--- Provided records Enclosed Below ---
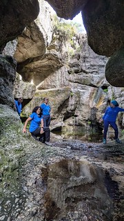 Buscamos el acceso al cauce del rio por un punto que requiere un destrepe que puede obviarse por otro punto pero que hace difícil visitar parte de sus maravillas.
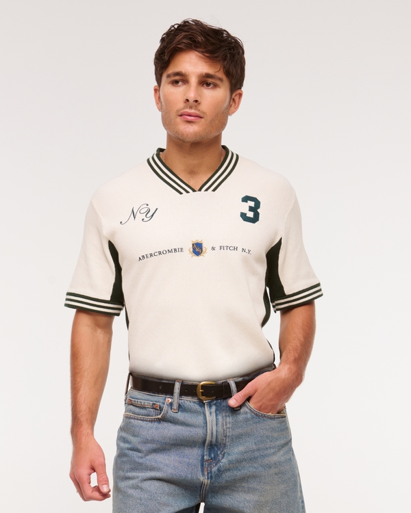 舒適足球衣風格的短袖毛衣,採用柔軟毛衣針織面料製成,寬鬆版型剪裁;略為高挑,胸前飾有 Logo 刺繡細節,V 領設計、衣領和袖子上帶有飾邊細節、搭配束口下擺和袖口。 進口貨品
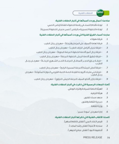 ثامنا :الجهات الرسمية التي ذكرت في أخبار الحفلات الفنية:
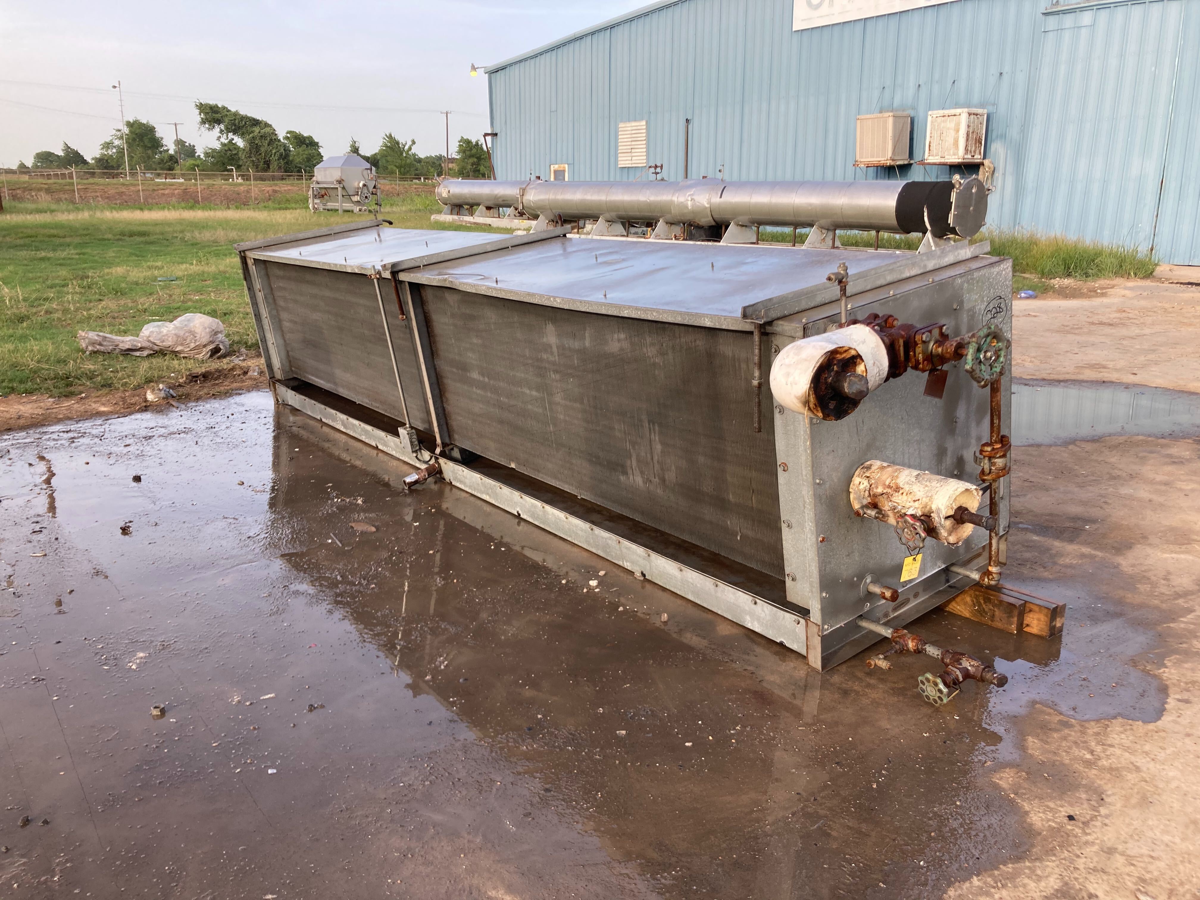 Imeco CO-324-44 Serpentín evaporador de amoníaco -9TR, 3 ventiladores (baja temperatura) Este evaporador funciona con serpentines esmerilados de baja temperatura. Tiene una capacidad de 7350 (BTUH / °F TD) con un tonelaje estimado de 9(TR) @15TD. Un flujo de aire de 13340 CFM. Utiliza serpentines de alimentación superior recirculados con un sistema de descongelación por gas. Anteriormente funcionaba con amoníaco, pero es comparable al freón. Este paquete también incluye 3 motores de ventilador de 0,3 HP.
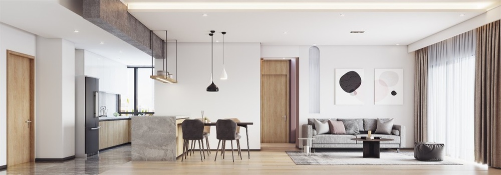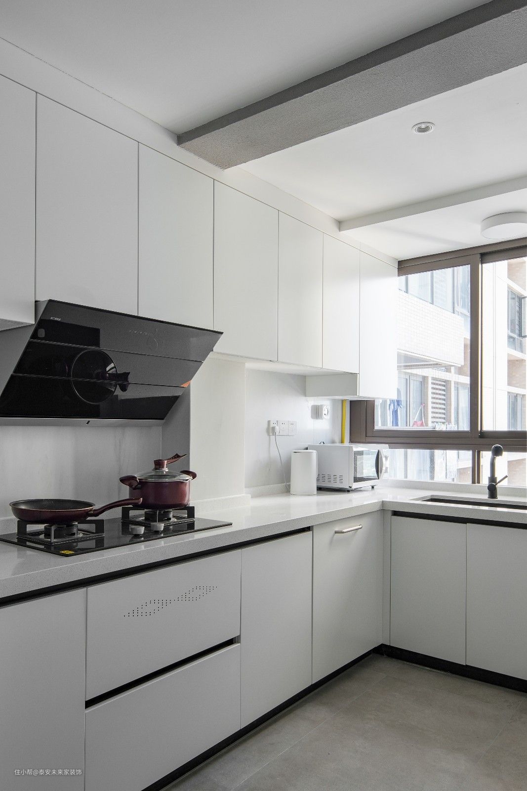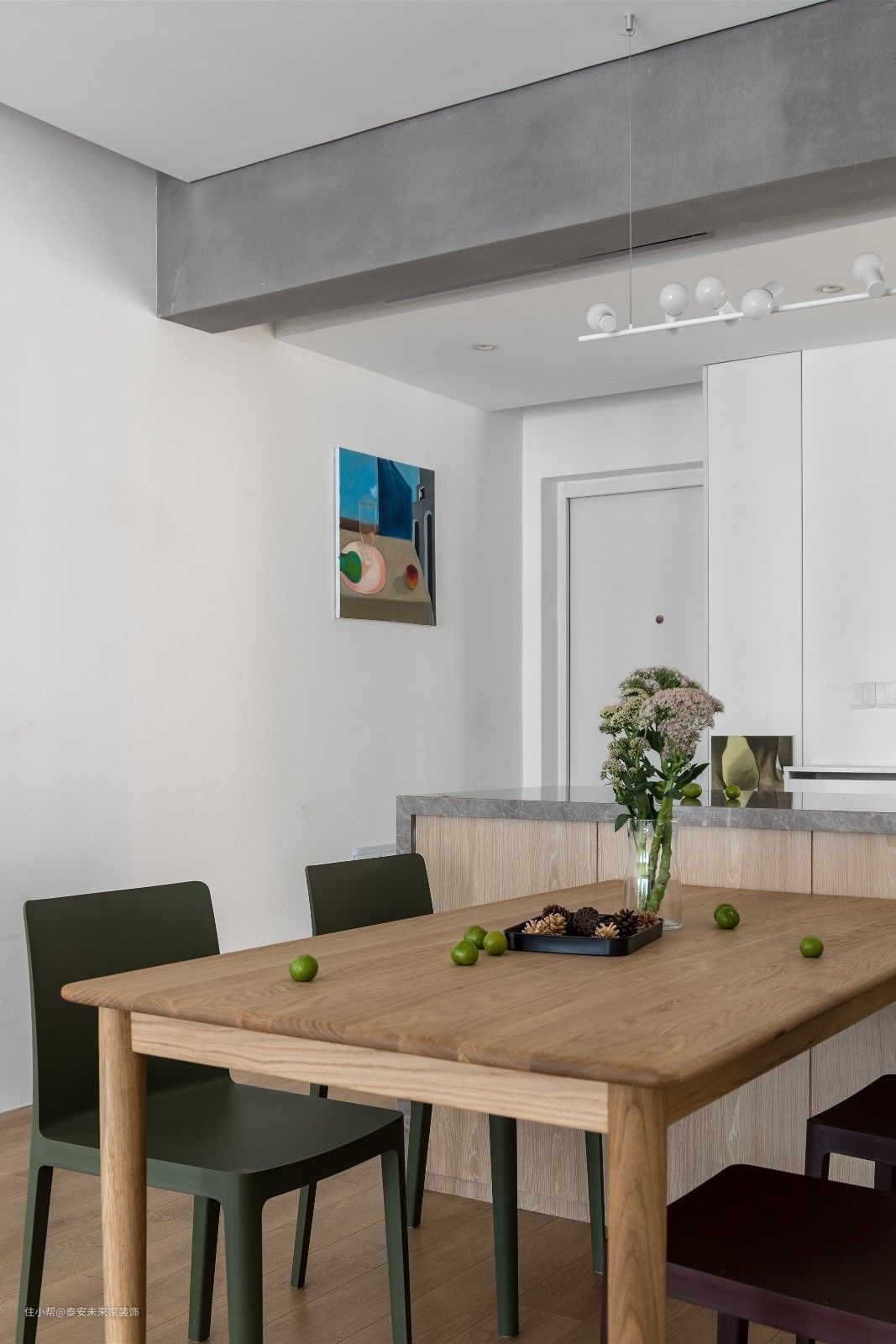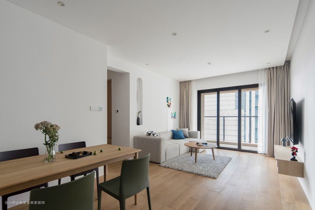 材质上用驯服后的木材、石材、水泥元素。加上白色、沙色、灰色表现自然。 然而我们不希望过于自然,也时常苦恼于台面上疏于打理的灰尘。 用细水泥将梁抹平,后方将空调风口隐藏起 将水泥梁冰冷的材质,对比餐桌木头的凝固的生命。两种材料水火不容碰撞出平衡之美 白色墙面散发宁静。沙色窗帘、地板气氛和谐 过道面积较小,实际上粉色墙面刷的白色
--- End of Enclosed Provided records ---
> Work instruction
Begin at the first line of the records. Print every line through the one containing "Imeco CO-324-44 Serpentín" exactly, but skip the pictures.

> Solution to this task
 Buscamos el acceso al cauce del rio por un punto que requiere un destrepe que puede obviarse por otro punto pero que hace difícil visitar parte de sus maravillas.
 舒適足球衣風格的短袖毛衣,採用柔軟毛衣針織面料製成,寬鬆版型剪裁;略為高挑,胸前飾有 Logo 刺繡細節,V 領設計、衣領和袖子上帶有飾邊細節、搭配束口下擺和袖口。 進口貨品
 ثامنا :الجهات الرسمية التي ذكرت في أخبار الحفلات الفنية:
 Imeco CO-324-44 Serpentín evaporador de amoníaco -9TR, 3 ventiladores (baja temperatura) Este evaporador funciona con serpentines esmerilados de baja temperatura. Tiene una capacidad de 7350 (BTUH / °F TD) con un tonelaje estimado de 9(TR) @15TD. Un flujo de aire de 13340 CFM. Utiliza serpentines de alimentación superior recirculados con un sistema de descongelación por gas. Anteriormente funcionaba con amoníaco, pero es comparable al freón. Este paquete también incluye 3 motores de ventilador de 0,3 HP.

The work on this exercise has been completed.